#### TASK DESCRIPTION
Please give the lines below again exactly as they stand, from the one that contains "Рис с овощами" up to and including the one that contains "Caisson eLS18 couplé", leaving all pictures out.

#### SUPPLIED DATA
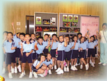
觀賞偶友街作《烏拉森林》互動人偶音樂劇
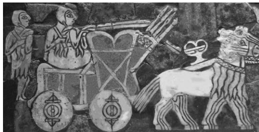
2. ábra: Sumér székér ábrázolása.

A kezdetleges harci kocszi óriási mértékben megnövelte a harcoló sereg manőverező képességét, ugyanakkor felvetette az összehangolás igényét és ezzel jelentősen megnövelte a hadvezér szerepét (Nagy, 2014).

---

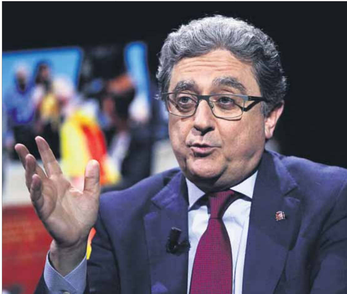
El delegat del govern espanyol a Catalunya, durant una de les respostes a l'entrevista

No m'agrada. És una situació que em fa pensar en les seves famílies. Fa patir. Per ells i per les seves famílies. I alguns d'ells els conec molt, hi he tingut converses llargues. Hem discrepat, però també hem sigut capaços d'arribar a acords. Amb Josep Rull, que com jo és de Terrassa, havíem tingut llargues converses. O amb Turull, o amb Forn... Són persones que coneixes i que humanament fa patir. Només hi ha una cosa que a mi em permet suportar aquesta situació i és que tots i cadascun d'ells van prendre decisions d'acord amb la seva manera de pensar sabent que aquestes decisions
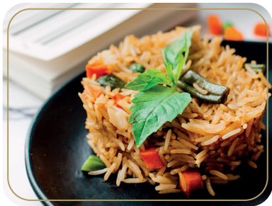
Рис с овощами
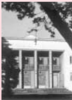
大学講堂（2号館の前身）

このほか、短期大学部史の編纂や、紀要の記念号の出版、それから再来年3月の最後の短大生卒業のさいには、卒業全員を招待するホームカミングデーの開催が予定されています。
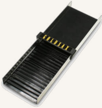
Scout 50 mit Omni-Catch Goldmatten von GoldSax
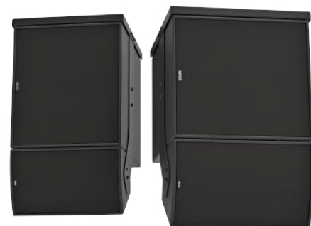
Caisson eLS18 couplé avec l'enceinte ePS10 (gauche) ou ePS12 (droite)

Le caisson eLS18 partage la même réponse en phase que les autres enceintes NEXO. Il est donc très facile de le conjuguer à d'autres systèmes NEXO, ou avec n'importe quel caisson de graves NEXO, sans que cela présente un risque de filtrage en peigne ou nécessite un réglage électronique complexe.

#### OUTPUT OF THE TASK
Рис с овощами
大学講堂（2号館の前身）

このほか、短期大学部史の編纂や、紀要の記念号の出版、それから再来年3月の最後の短大生卒業のさいには、卒業全員を招待するホームカミングデーの開催が予定されています。
Scout 50 mit Omni-Catch Goldmatten von GoldSax
Caisson eLS18 couplé avec l'enceinte ePS10 (gauche) ou ePS12 (droite)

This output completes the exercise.